The Federal Reserve Board’s power to set interest rates is important, because it enables the Federal Reserve to control the nation’s ____________ ___________. If the Federal Reserve Board believes the American economy is slowing down, then it may ___________ interest rates. Lower _________ _______ encourage people to borrow money. When people spend this borrowed money, they increase the __________ (choose either supply or demand) for goods and services. Increased demand causes employers to hire ________ (choose either more or fewer) workers to make additional goods. Thereby, the ____________ ____________ stimulates or jumpstarts the economy simply by cutting interest rates.
If the Federal Reserve Board believes the American economy is overheating and thereby causing inflation, then it may __________ interest rates. ___________ is the economic condition when prices increase and the value of the dollar decreases. In other words, during inflationary times, the dollar buys ______ than it did previously. The Federal Reserve _________ interest rates to combat inflation, because it wants to discourage people from borrowing money. If people borrow less, then they spend (choose either more or less) ______. A decrease in spending means a decrease in _________ (choose either supply or demand). If demand drops and supply stays the same, then prices should (choose either rise or fall) __________. Thereby, the Federal Reserve lowers _____________ by raising interest rates.
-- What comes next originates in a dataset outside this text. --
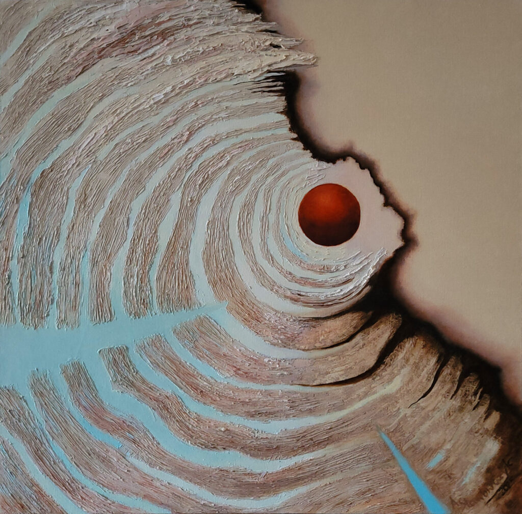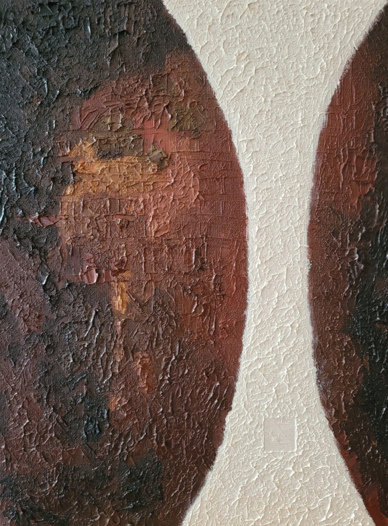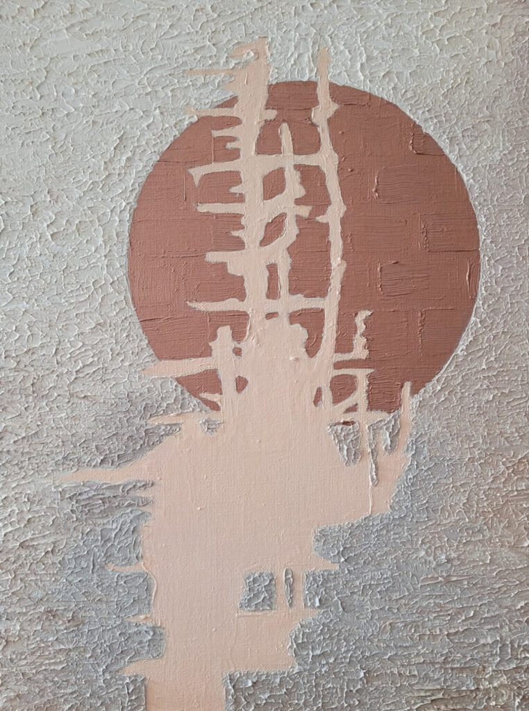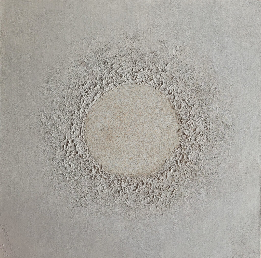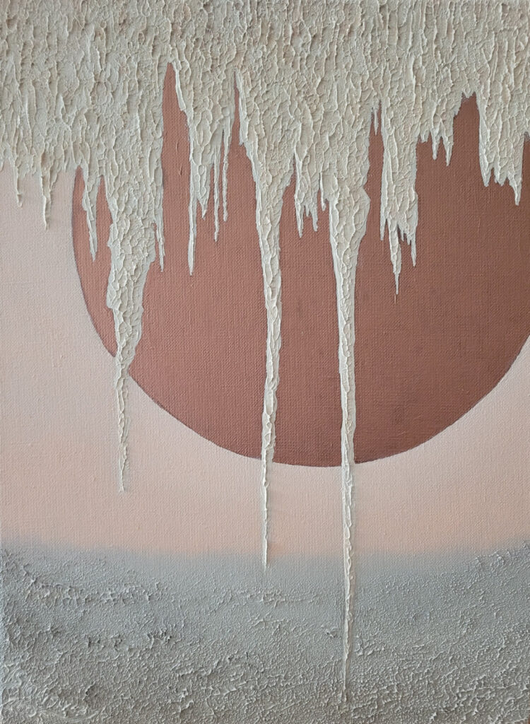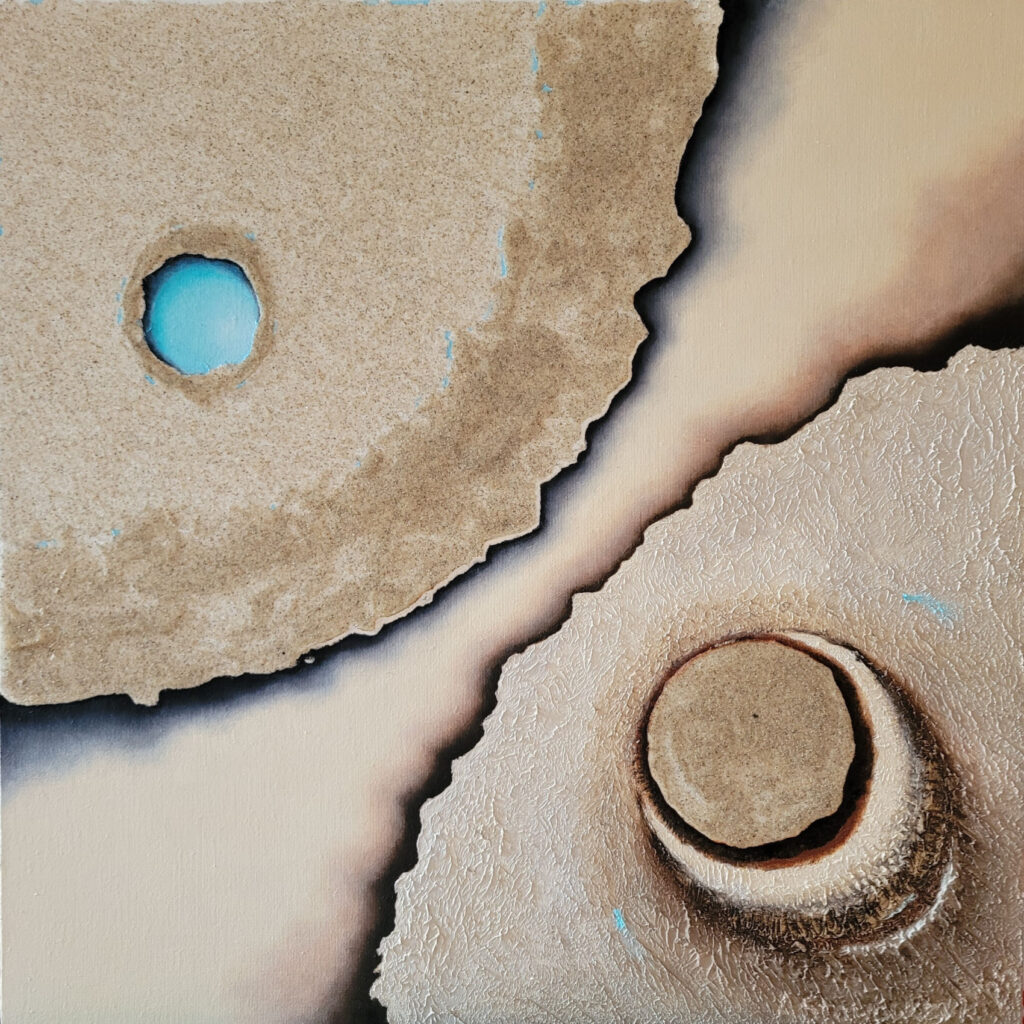 „Harmonia zmysłów” to zbliżenie się do natury. Inspiracją była podroż i podczas której doświadczyłam bogactwa odcieni piasków, ziemi, skał i wody. Zauroczona pięknem natury, przekształcam bezpośrednie wrażenia z obserwacji, w swoją wizję, dokonując syntezy w poszukiwaniu harmonii. Pozwala mi na to intuicja logiczna oraz odczuwanie na poziomie emocji. Tworząc ten cykl poszukuję harmonii, spokoju, ciszy i ukojenia czyli tego, czego na co dzień nam brakuje w szumie informacyjnym. Można mówić o pewnej formie medytacji. Wczuwając się w atmosferę danego miejsca inaczej odczuwamy patrząc, a inaczej zamykając oczy gdzie dominuje zmysł słuchu, węchu, dotyku, smaku. To samo miejsce odczuwamy na różne sposoby, w zależności od tego, na którym zmyśle się bardziej skupimy. Jeszcze inaczej odczuwamy starając się sobie przypomnieć nasze wrażenia i wspomnienia po czasie. Niektóre rzeczy są bardziej zatarte, a inne wyostrzone w pamięci. To wszystko jest zawarte w cyklu “Harmonia zmysłów”, który powstawał przez ostatni rok i na pewno będę go jeszcze rozwijać.

During the late twenties, the Federal Reserve tried to discourage overspeculation in the _______ market. Unfortunately, its efforts failed. The Federal Reserve was/was not able to prevent the 1929 stock market crash from triggering the Great Depression.
When the New York Stock Exchange crashed, hundreds of ______ failed. These banks failed because: 1) they had invested people’s _________ _________ in the stock market, 2) they had loaned money to stock speculators who were buying stock on _________. Because of the bank failure after the stock market crash, American lost ________ in the nation’s banking system. When they lost confidence in the banks, thousands of Americans rushed to _______ their savings from the banks, before they closed. These “runs on the banks” placed even more pressure on the nation’s banking system and caused even more banks to _______.
During the first three years of the Great Depression, approximately ______ banks failed. At least _____ million Americans lost their savings. This widespread collapse of the American banking system between 1929 and 1932 led to a severe contraction in the nation’s ______ ______. Deflation resulted.
A ____________ _________ is a tax on imports that is so high Americans cannot afford to buy foreign goods. After the 1929 stock market crash, Congress tried to help American business by passing the __________-_________ Tariff. This tariff law set the ________ tariff rates in American history. Congress hoped the Hawley-Smoot Tariff would encourage Americans to buy __________-made goods. Instead, it caused __________ countries to retaliate or get back at the United States by passing high tariffs of their own. These retaliatory tariffs made American exports so expensive that foreigners could/could not afford to buy American goods. In short, the erection of trade barriers by all of the world’s major industrial owners after the 1929 stock market crash strangled ______ _______.